The upshot is that by providing a healthier work-life balance, by giving the rank-and-file the opportunity to enhance their skills continually, and by taking other steps to create a self-directed team culture, Yuhan-Kimberly has seen job satisfaction among its 1,700 employees soar.

So has productivity (along with market share and revenue)—so much so that workers' wages have also risen substantially.

This formula won't work for everyone; implementing it involves real costs and, thus, real risks. What's more, there's no avoiding the fact that layoffs are inevitable during a recession, no matter what is tried.

Even Drucker, who so admired Japanese industry for its commitment to lifetime employment, recognized this ideal was bound to crack amid the unrelenting pressures of globalization.

But what Yuhan-Kimberly reminds us is that shedding thousands of positions doesn't necessarily have to be management's automatic response to a bleak economy.

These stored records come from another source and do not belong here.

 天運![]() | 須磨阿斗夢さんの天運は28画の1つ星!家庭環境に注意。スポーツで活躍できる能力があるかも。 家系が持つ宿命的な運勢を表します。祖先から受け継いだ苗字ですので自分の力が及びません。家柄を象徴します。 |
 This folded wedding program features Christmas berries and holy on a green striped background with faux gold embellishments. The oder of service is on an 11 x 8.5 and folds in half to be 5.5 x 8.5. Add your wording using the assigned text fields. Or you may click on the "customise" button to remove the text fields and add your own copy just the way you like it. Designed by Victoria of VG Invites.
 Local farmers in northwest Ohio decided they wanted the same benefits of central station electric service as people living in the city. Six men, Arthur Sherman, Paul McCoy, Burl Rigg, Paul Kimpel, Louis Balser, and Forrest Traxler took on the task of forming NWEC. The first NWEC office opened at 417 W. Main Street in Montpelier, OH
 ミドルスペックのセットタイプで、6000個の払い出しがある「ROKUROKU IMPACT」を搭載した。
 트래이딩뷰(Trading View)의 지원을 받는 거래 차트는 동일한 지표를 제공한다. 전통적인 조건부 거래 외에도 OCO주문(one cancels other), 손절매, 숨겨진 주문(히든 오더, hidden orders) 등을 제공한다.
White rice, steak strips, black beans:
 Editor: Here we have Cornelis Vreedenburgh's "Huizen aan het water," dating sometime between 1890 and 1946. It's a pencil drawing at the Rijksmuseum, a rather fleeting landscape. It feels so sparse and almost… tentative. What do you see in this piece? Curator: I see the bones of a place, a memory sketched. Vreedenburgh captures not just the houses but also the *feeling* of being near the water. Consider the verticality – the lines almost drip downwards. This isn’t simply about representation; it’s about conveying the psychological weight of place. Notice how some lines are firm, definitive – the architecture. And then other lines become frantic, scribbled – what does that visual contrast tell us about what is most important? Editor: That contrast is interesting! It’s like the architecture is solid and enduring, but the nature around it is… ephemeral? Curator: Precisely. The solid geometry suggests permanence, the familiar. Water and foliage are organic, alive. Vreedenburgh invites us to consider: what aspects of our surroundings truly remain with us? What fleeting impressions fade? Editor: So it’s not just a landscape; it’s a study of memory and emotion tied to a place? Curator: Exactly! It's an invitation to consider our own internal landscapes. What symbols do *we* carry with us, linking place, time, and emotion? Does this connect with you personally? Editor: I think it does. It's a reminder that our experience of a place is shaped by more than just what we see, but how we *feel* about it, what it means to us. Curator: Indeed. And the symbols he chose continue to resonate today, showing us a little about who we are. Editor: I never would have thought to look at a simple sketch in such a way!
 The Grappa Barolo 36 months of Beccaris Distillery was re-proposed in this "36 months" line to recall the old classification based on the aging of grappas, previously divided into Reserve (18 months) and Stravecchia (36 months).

When things seem darkest, it's time to innovate, not just eliminate.

Think about it.

2 comments:

Pat said...

Hey CT,

I hope that some at least will do as you suggest here. Nothing is gained by slashing jobs across the board.

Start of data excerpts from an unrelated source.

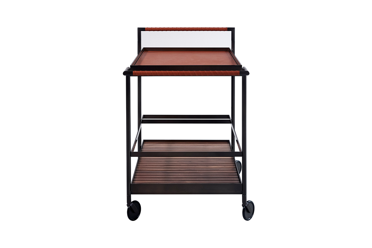 Servierwagen sind nicht nur praktisch, sie können auch stilvolle Akzente setzen - so wie der Barwagen Harri. Die Lederapplikationen bekommen im Gebrauch eine schöne Patina. Das Leder der oberen Platte ist in zwei Farbtönen erhältlich.
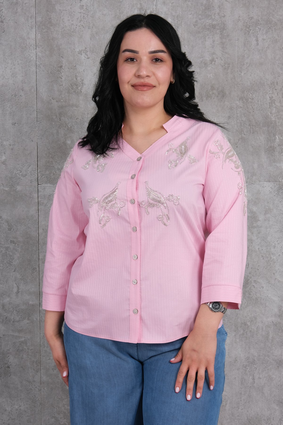 يتميز هذا القميص النسائي بالحجم الكبير بتصميم أنيق وعصري. القميص الوردي ملفت للنظر بتطريزاته الفضية. يتميز بأكمام طويلة وياقة على شكل حرف V، مع أزرار في الجهة الأمامية. ويتميز الجزء الخلفي بمظهر بسيط ونظيف. هذا القميص مثالي للاستخدام اليومي وأيضًا للمناسبات الخاصة. بفضل قصه المريح، يمكن للنساء من الحجم الكبير ارتداء هذا القميص بشكل مريح، وهو مصنوع من قماش القطن الصحي والقابل للتنفس.
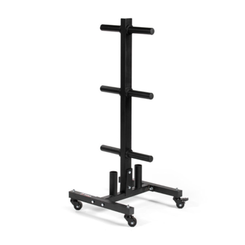 FEATURES:- Fits two full-sized Olympic barbells for storage and transportation- Three-tiered weight posts on each side with 7-inch loadable sleeves- Caster wheels at the base keep your gym essentials portableSPECIFICATIONS:- Footprint: 24.5-in x 24.5-in.-
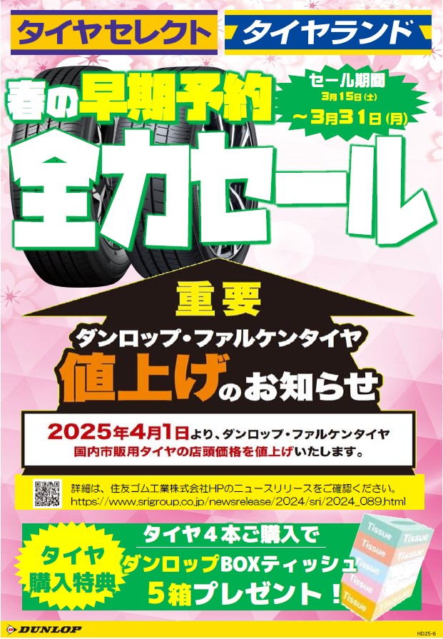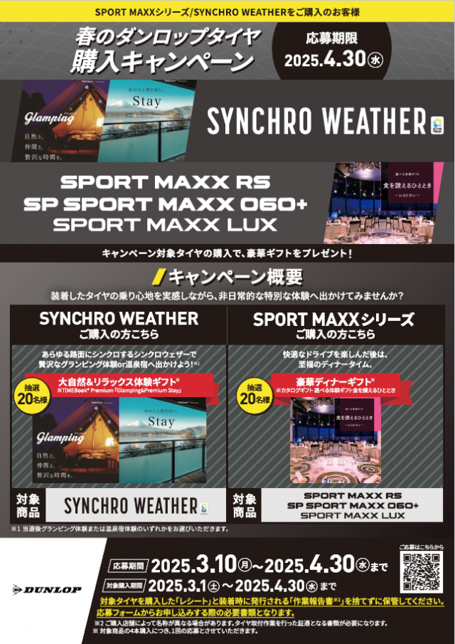 春のダンロップタイヤ 購入キャンペーン開催中!!
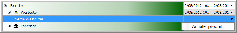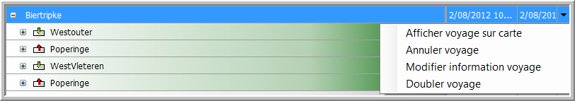Dépendant de l'élément sélectionné (un voyage / un lieu / un produit), plusieurs options sont disponibles dans la dernière colonne :

During the last recession - omg, this is my second? how old am I??! - my husband's company kept all their staff, but everyone took a 15% paycut. Even those newly employed.

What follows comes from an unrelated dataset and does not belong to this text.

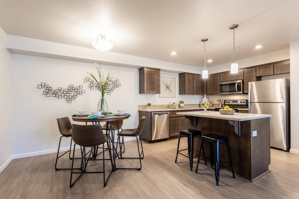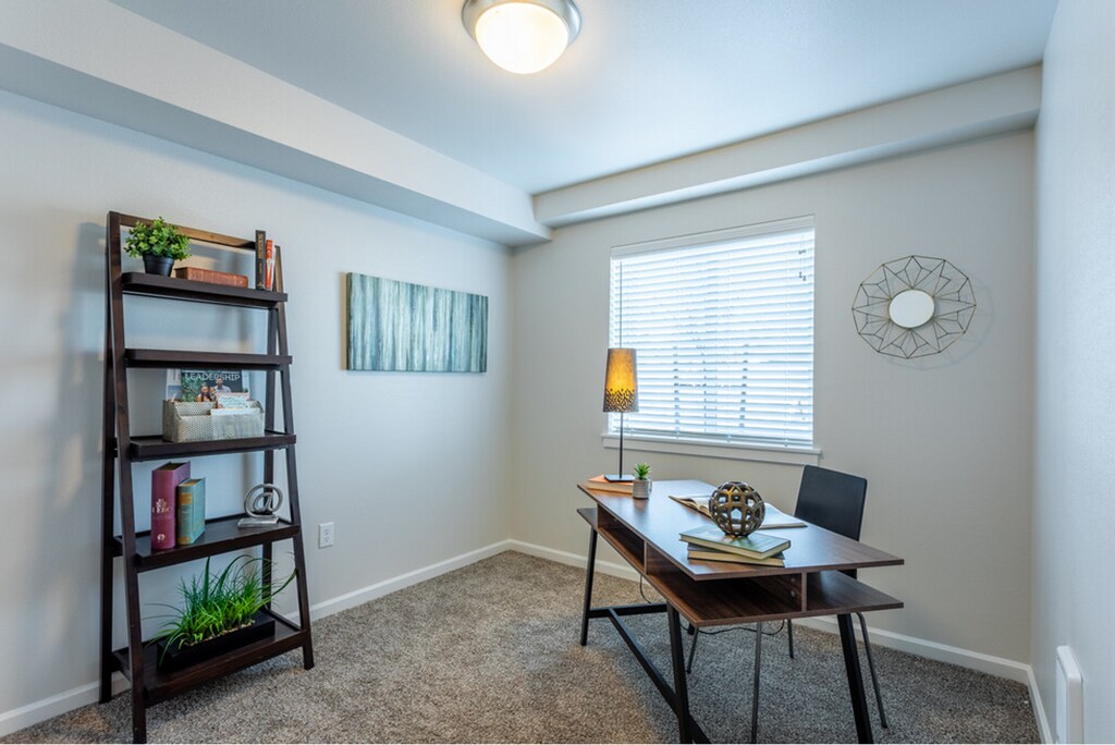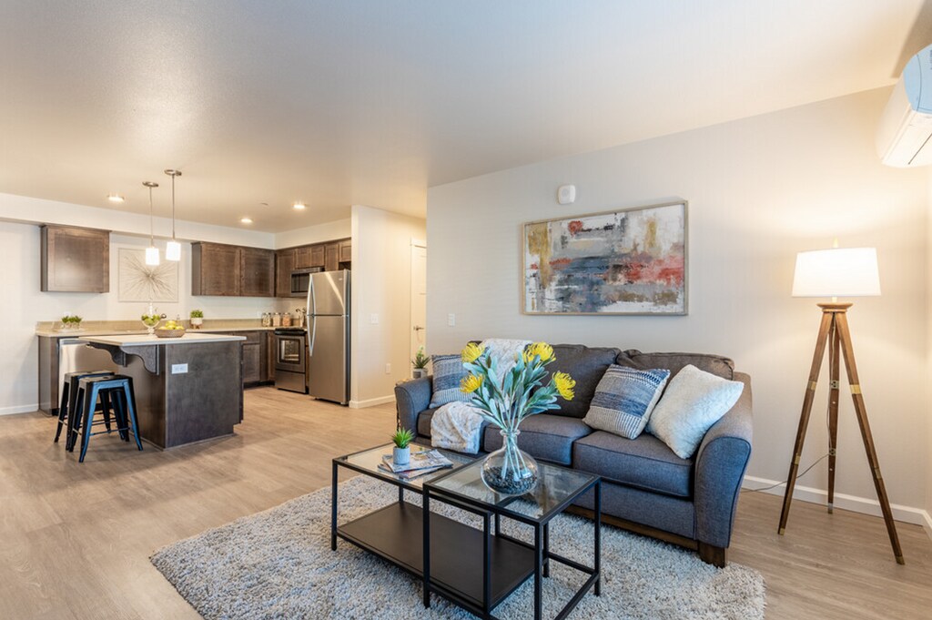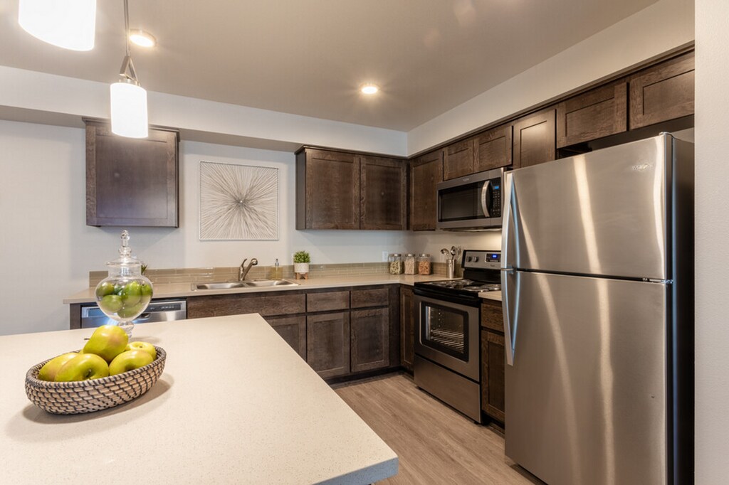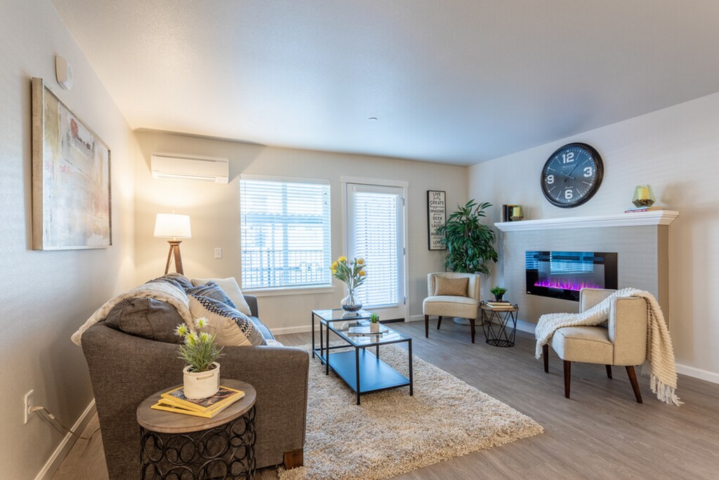 Spacious 1,2, and 3 bedroom apartment homes. Our apartment homes have quartz countertops and tile backsplashes in the kitchen and bathrooms, stainless steel appliances including a built-in microwave and dishwasher, luxury vinyl plank flooring in all areas but the bedrooms, bedrooms have plush carpeting, a large patio with a storage closet, an electric fireplace, air conditioning, washer and dryer hookups, a building elevator and are located in a secured access building.

I think having a job, versus losing your job and thinking you're never gonna get re-employed, is a big deal. It offers hope, where there seems none.

I know this is nothing new, but it would seem that so few know, or care to know about it.

Pat

walla said...

I shall only remember this life as one of inconsequential calm between extended sessions of tumultuous recessions barely made tolerable by interesting women.

With that reminiscence out of the way, it remains to add that Drucker had also spoken on cost-cutting:

http://tinyurl.com/5t9m4a

He suggested cutting out entire operations, rather than retrenching staff.

Downturns are in fact a good opportunity to detox a company. Too much fat and hype cause bloated operations. Time to trim. Would the public sector show the way?

Downturns affect our human capital. Curiously, two other capitals can help reduce their effects. Social capital glue hard-up people together and help one another tide over the difficult period. And reputational capital can be credited if one has been conscientious in maintaining good form and values (cough).

I wonder how those who sell mutual funds, insurance, direct marketing products and real estate are going to survive next year.

No matter what is said, i am still for a ten percent knockdown on both personal and corporate taxes. It's going to be the urban middle-class which are going to suffer the most because they have the most to lose, especially if tied to loans they can't service. Just imagine, if the car or house gets repossessed, and one has to dig into the children's education savings, what a horrid life it will be, especially in the type of situation we have been seeing here for ages.

Cut the taxes, leanify the govt depts, and press forward the rationale that the public sector will have to pull up its socks on corruption - esp. the politicians in the way they let leakages mess up everything - and perhaps, just maybe, we can just come out stronger to pull through the NEXT recession.

Someone concluded that Peninsular is ALREADY a net energy importer. That's 3 years ahead of Petronas' estimate. If the reading is correct, we are also running out of natural gas.

Faced with this inevitability, we may collectively conclude the fifty year honeymoon is permanently over. What have we to show for it? I dunno, do ya?

Education may be the only card we have. But people are still playing politics.

I pity the young for the legacy they are about to get from the bunch of loonies in our political arena.

We had everything going for us. A good language, a multiracial community, lightened shoulders, best minds in the commonwealth, high standards.

Those are piped memories now.

More should gravitate to this blog and start writing better ideas. I just hyperventilate from time to time. Patricia, thanks for your womanly understanding too.